#### COLLECTED DATA

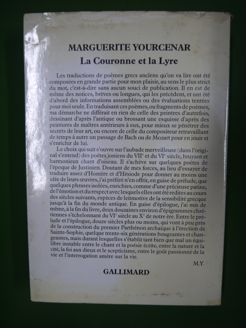 La couronne et la lyre, Marguerite Yourcenar, Gallimard, 1979
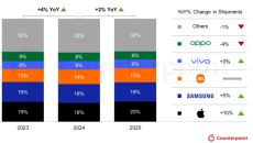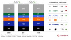 2025년 스마트폰 출하 2% 성장…애플 1위, 4분기 점유율 25%
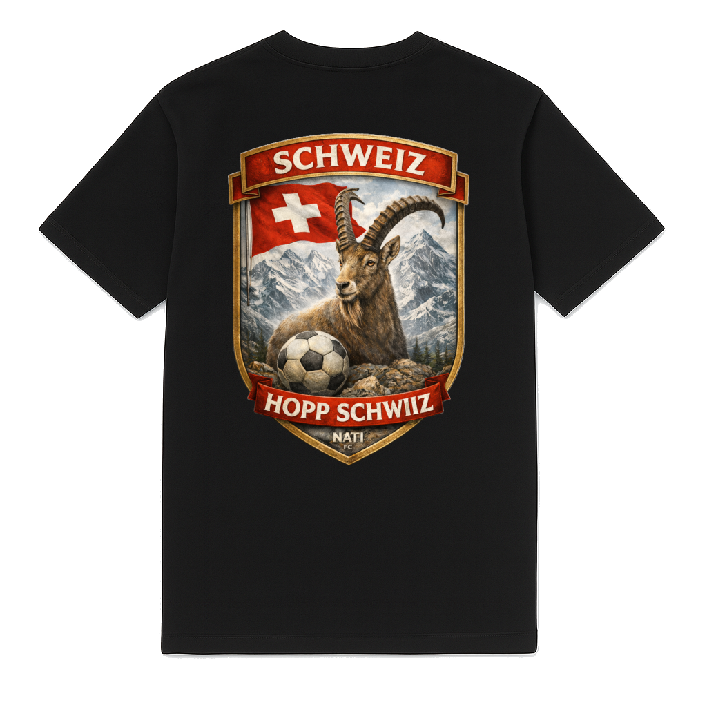 Stylish Switzerland heavy T-shirt for adults by FC ELEVEN. The heavy T-shirt is made from heavyweight organic cotton. The back of the T-shirt features a print of a shield with a 3D print of an ibex in the Swiss landscape. The design is fully styled in the national colors of the country, red and white. In addition, the logo includes the text Hopp Schwiiz, created especially to support the Swiss national team. The T-shirt also features the FC brand initials in black on the left chest. This is a silicone logo. The heavy T-shirt is fully black and has a round neckline. The T-shirt is made from heavyweight cotton and has a regular fit. Material: 100% organic cotton.

########

## TASK REQUIREMENTS
Return the material above verbatim, minus the pictures.

## SOLVED EXERCISE
 La couronne et la lyre, Marguerite Yourcenar, Gallimard, 1979
 2025년 스마트폰 출하 2% 성장…애플 1위, 4분기 점유율 25%
 Stylish Switzerland heavy T-shirt for adults by FC ELEVEN. The heavy T-shirt is made from heavyweight organic cotton. The back of the T-shirt features a print of a shield with a 3D print of an ibex in the Swiss landscape. The design is fully styled in the national colors of the country, red and white. In addition, the logo includes the text Hopp Schwiiz, created especially to support the Swiss national team. The T-shirt also features the FC brand initials in black on the left chest. This is a silicone logo. The heavy T-shirt is fully black and has a round neckline. The T-shirt is made from heavyweight cotton and has a regular fit. Material: 100% organic cotton.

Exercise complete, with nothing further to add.